» **Exercise prompt**
The copy you return should hold every record below word for word and no images.

» **Data to process**
· · · · ·
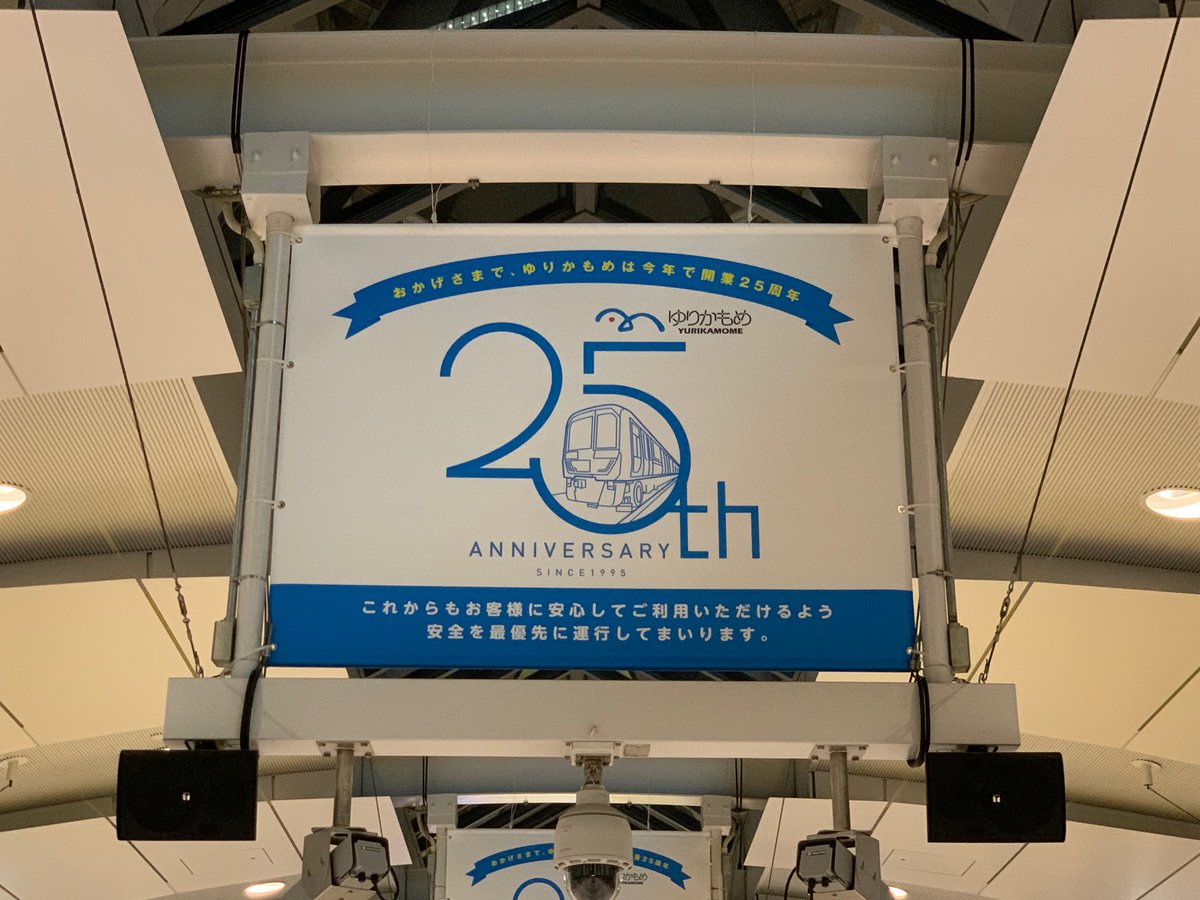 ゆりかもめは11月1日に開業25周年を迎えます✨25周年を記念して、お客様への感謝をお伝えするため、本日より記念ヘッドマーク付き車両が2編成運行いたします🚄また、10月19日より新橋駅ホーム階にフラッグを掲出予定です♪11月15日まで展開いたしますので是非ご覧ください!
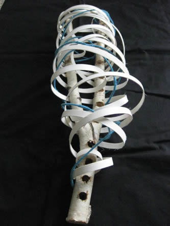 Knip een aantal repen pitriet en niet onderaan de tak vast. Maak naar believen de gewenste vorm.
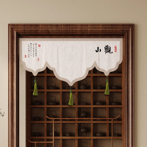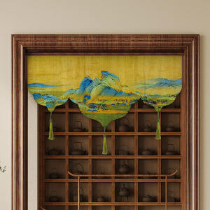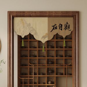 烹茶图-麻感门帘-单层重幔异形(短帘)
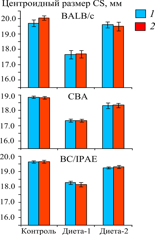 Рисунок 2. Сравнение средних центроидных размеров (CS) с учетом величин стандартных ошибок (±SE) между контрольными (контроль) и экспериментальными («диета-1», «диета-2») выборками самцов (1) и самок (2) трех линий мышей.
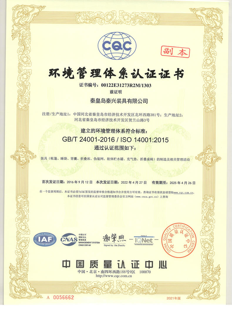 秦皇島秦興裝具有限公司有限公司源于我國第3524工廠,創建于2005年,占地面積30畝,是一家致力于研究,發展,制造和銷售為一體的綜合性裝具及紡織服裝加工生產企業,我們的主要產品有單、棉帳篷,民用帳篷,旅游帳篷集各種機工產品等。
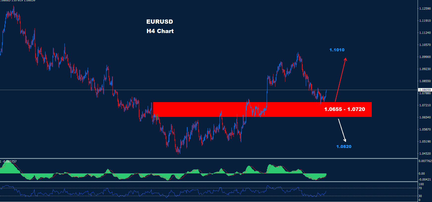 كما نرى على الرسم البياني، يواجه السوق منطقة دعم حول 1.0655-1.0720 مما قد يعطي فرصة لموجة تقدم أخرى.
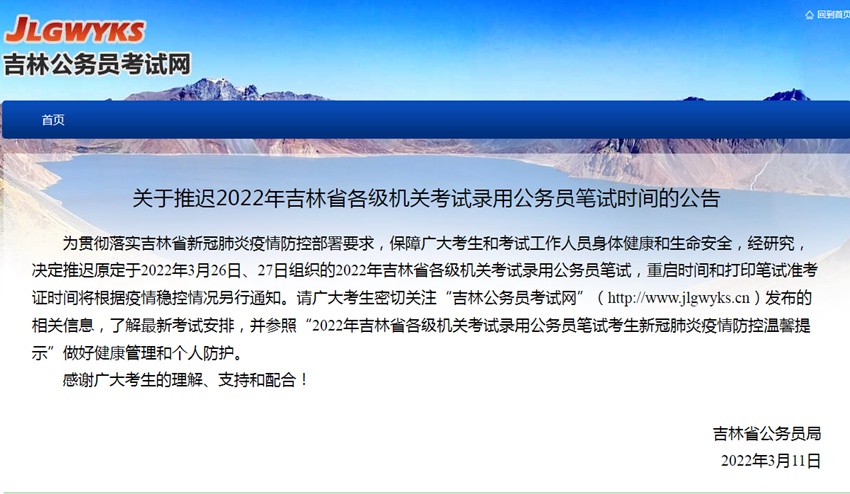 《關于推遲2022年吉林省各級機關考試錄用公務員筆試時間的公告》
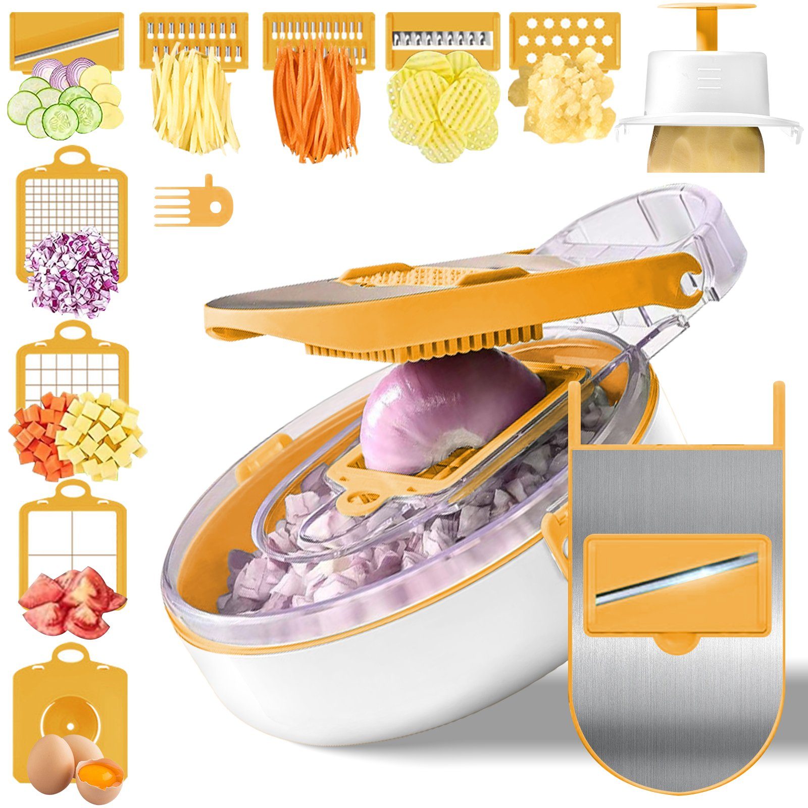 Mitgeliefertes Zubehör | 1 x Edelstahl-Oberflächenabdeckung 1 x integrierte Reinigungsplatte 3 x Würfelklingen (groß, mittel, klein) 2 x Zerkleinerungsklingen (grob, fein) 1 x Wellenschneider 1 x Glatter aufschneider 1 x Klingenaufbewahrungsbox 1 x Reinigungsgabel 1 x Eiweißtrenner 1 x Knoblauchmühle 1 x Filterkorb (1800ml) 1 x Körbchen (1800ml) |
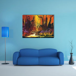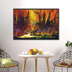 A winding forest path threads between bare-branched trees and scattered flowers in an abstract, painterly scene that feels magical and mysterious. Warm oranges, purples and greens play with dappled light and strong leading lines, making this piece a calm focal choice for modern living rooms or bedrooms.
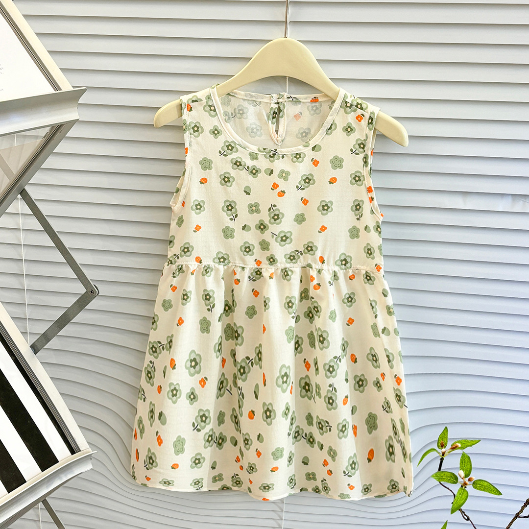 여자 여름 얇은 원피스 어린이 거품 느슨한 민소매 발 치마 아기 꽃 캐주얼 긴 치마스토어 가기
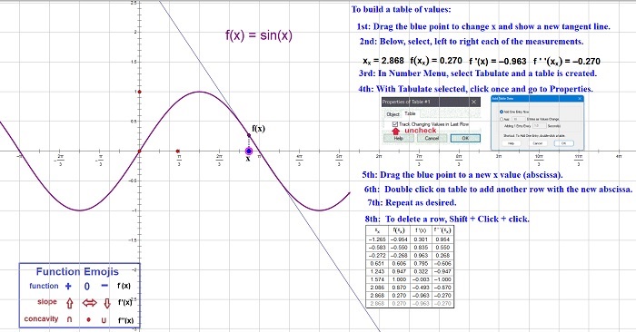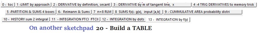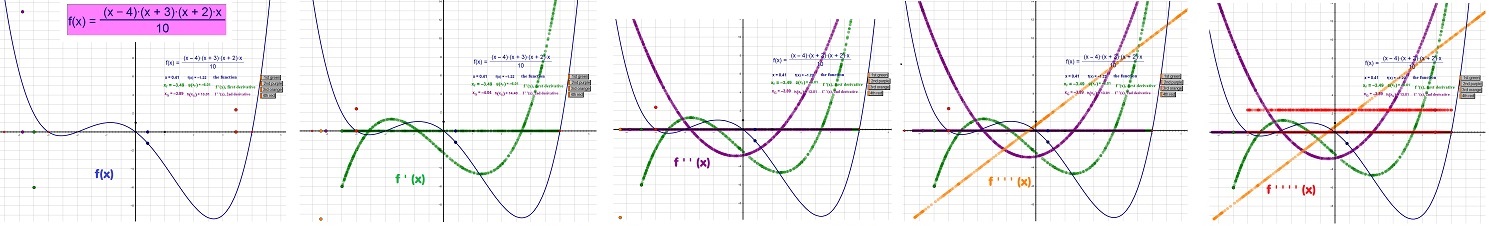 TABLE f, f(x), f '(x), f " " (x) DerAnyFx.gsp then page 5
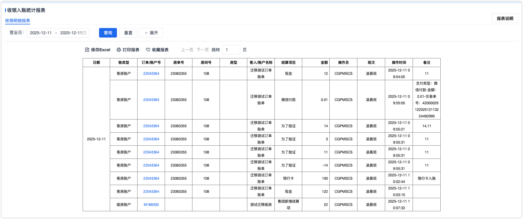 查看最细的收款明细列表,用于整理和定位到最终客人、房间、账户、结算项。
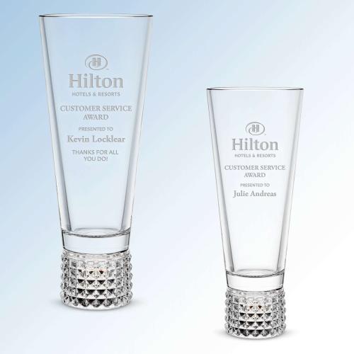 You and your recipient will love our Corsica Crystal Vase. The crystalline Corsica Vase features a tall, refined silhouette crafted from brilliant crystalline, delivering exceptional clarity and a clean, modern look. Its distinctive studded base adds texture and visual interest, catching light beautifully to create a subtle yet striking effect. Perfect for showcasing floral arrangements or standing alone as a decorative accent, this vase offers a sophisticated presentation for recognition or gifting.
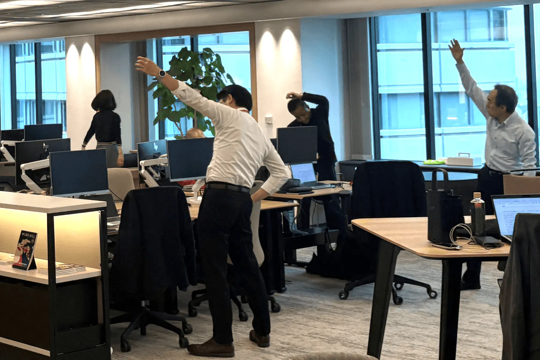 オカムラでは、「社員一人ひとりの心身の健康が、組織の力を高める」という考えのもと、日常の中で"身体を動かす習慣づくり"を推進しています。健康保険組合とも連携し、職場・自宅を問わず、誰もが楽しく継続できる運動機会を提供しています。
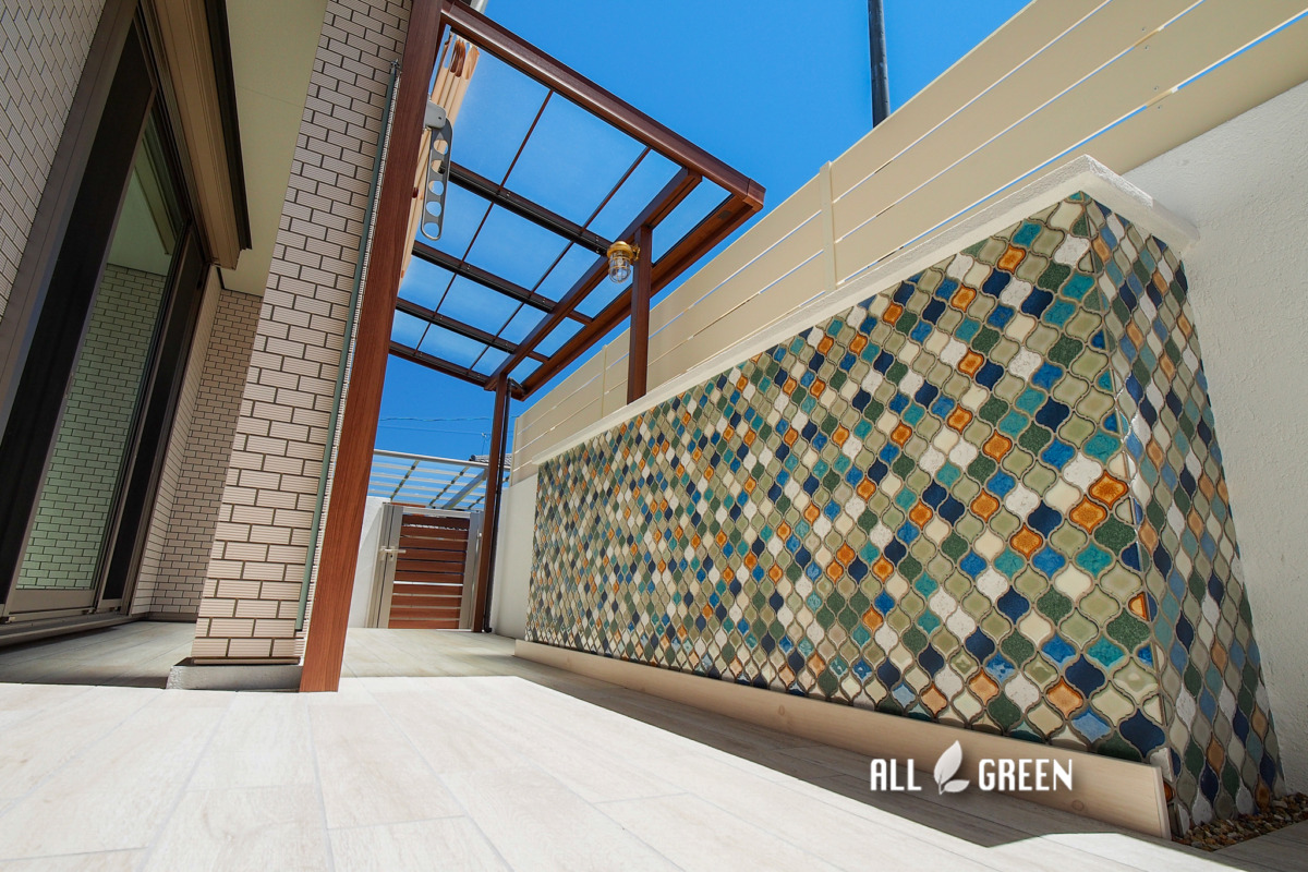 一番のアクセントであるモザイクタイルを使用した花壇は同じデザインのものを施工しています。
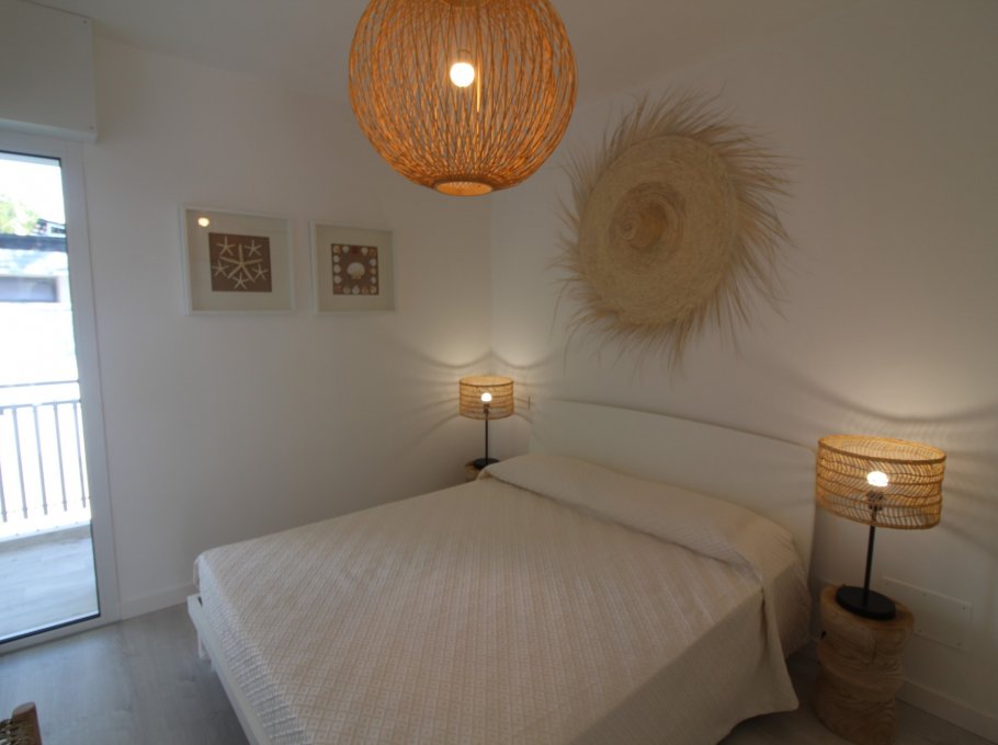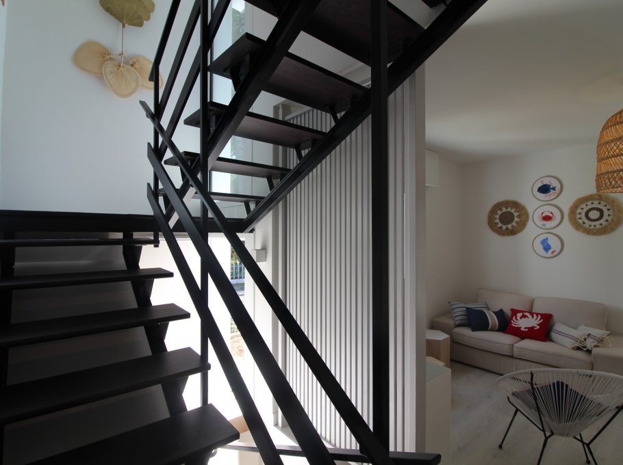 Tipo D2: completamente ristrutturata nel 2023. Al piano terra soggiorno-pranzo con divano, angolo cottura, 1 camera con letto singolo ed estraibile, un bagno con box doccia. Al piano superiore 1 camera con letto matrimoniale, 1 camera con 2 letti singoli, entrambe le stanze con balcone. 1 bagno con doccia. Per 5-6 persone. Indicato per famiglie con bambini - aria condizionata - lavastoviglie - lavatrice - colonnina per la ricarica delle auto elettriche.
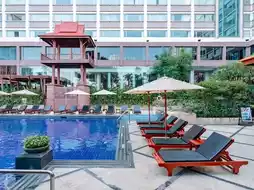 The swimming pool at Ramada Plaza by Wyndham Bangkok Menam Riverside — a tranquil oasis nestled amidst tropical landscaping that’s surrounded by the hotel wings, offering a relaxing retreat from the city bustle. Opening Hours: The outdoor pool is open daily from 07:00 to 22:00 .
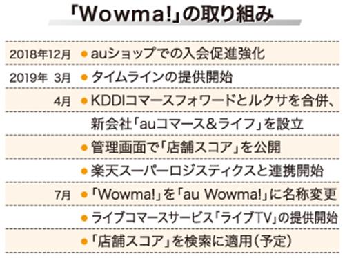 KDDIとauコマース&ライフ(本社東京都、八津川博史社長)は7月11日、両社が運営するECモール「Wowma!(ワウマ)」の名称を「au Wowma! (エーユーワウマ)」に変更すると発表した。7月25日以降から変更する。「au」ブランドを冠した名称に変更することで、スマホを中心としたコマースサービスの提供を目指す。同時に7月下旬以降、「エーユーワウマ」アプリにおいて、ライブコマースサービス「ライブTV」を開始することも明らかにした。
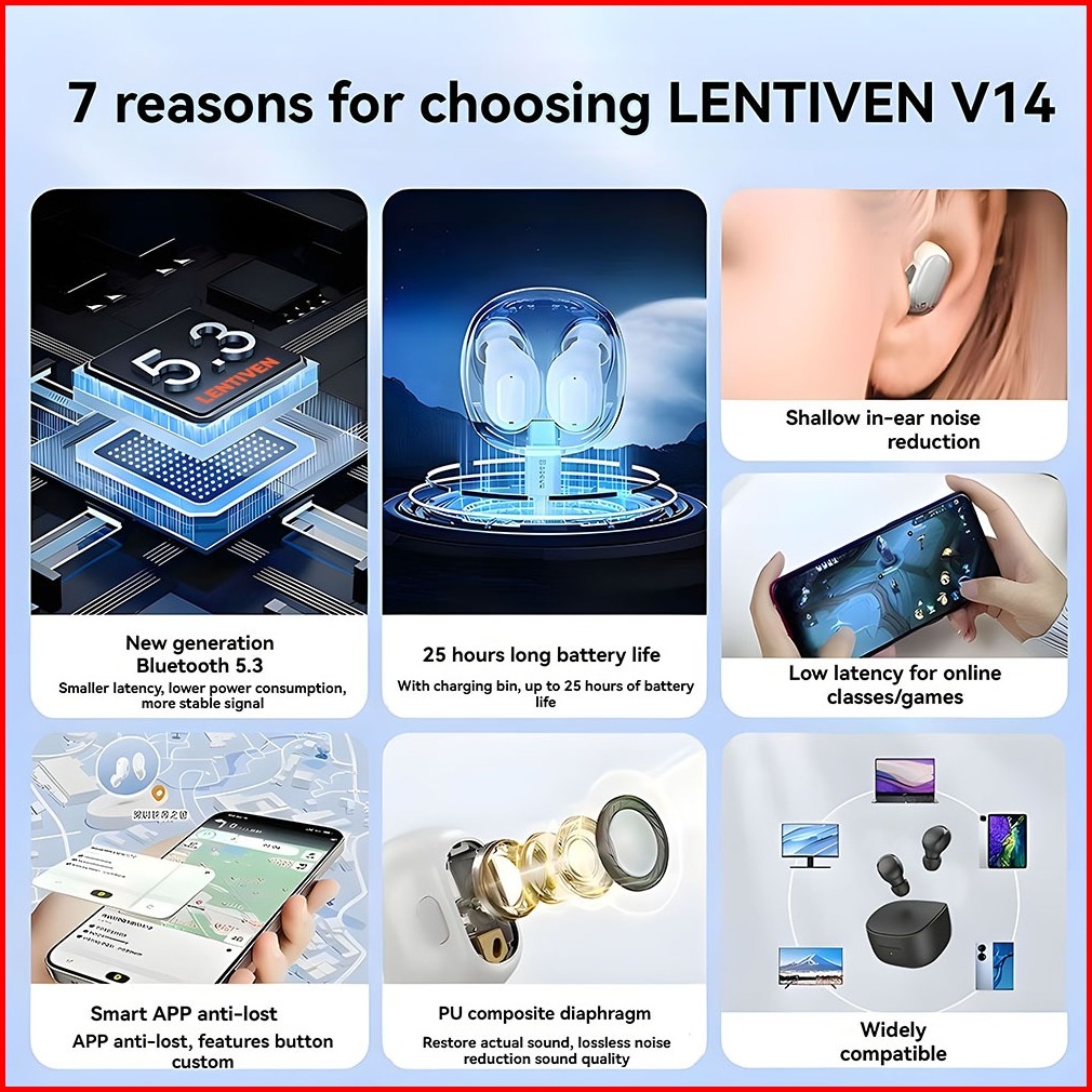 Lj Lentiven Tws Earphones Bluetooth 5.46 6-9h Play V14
· · · · ·
» **Result for this task**
 ゆりかもめは11月1日に開業25周年を迎えます✨25周年を記念して、お客様への感謝をお伝えするため、本日より記念ヘッドマーク付き車両が2編成運行いたします🚄また、10月19日より新橋駅ホーム階にフラッグを掲出予定です♪11月15日まで展開いたしますので是非ご覧ください!
 Knip een aantal repen pitriet en niet onderaan de tak vast. Maak naar believen de gewenste vorm.
 烹茶图-麻感门帘-单层重幔异形(短帘)
 Рисунок 2. Сравнение средних центроидных размеров (CS) с учетом величин стандартных ошибок (±SE) между контрольными (контроль) и экспериментальными («диета-1», «диета-2») выборками самцов (1) и самок (2) трех линий мышей.
 秦皇島秦興裝具有限公司有限公司源于我國第3524工廠,創建于2005年,占地面積30畝,是一家致力于研究,發展,制造和銷售為一體的綜合性裝具及紡織服裝加工生產企業,我們的主要產品有單、棉帳篷,民用帳篷,旅游帳篷集各種機工產品等。
 كما نرى على الرسم البياني، يواجه السوق منطقة دعم حول 1.0655-1.0720 مما قد يعطي فرصة لموجة تقدم أخرى.
 《關于推遲2022年吉林省各級機關考試錄用公務員筆試時間的公告》
 Mitgeliefertes Zubehör | 1 x Edelstahl-Oberflächenabdeckung 1 x integrierte Reinigungsplatte 3 x Würfelklingen (groß, mittel, klein) 2 x Zerkleinerungsklingen (grob, fein) 1 x Wellenschneider 1 x Glatter aufschneider 1 x Klingenaufbewahrungsbox 1 x Reinigungsgabel 1 x Eiweißtrenner 1 x Knoblauchmühle 1 x Filterkorb (1800ml) 1 x Körbchen (1800ml) |
 A winding forest path threads between bare-branched trees and scattered flowers in an abstract, painterly scene that feels magical and mysterious. Warm oranges, purples and greens play with dappled light and strong leading lines, making this piece a calm focal choice for modern living rooms or bedrooms.
 여자 여름 얇은 원피스 어린이 거품 느슨한 민소매 발 치마 아기 꽃 캐주얼 긴 치마스토어 가기
 TABLE f, f(x), f '(x), f " " (x) DerAnyFx.gsp then page 5
 查看最细的收款明细列表,用于整理和定位到最终客人、房间、账户、结算项。
 You and your recipient will love our Corsica Crystal Vase. The crystalline Corsica Vase features a tall, refined silhouette crafted from brilliant crystalline, delivering exceptional clarity and a clean, modern look. Its distinctive studded base adds texture and visual interest, catching light beautifully to create a subtle yet striking effect. Perfect for showcasing floral arrangements or standing alone as a decorative accent, this vase offers a sophisticated presentation for recognition or gifting.
 オカムラでは、「社員一人ひとりの心身の健康が、組織の力を高める」という考えのもと、日常の中で"身体を動かす習慣づくり"を推進しています。健康保険組合とも連携し、職場・自宅を問わず、誰もが楽しく継続できる運動機会を提供しています。
 一番のアクセントであるモザイクタイルを使用した花壇は同じデザインのものを施工しています。
 Tipo D2: completamente ristrutturata nel 2023. Al piano terra soggiorno-pranzo con divano, angolo cottura, 1 camera con letto singolo ed estraibile, un bagno con box doccia. Al piano superiore 1 camera con letto matrimoniale, 1 camera con 2 letti singoli, entrambe le stanze con balcone. 1 bagno con doccia. Per 5-6 persone. Indicato per famiglie con bambini - aria condizionata - lavastoviglie - lavatrice - colonnina per la ricarica delle auto elettriche.
 The swimming pool at Ramada Plaza by Wyndham Bangkok Menam Riverside — a tranquil oasis nestled amidst tropical landscaping that’s surrounded by the hotel wings, offering a relaxing retreat from the city bustle. Opening Hours: The outdoor pool is open daily from 07:00 to 22:00 .
 KDDIとauコマース&ライフ(本社東京都、八津川博史社長)は7月11日、両社が運営するECモール「Wowma!(ワウマ)」の名称を「au Wowma! (エーユーワウマ)」に変更すると発表した。7月25日以降から変更する。「au」ブランドを冠した名称に変更することで、スマホを中心としたコマースサービスの提供を目指す。同時に7月下旬以降、「エーユーワウマ」アプリにおいて、ライブコマースサービス「ライブTV」を開始することも明らかにした。
 Lj Lentiven Tws Earphones Bluetooth 5.46 6-9h Play V14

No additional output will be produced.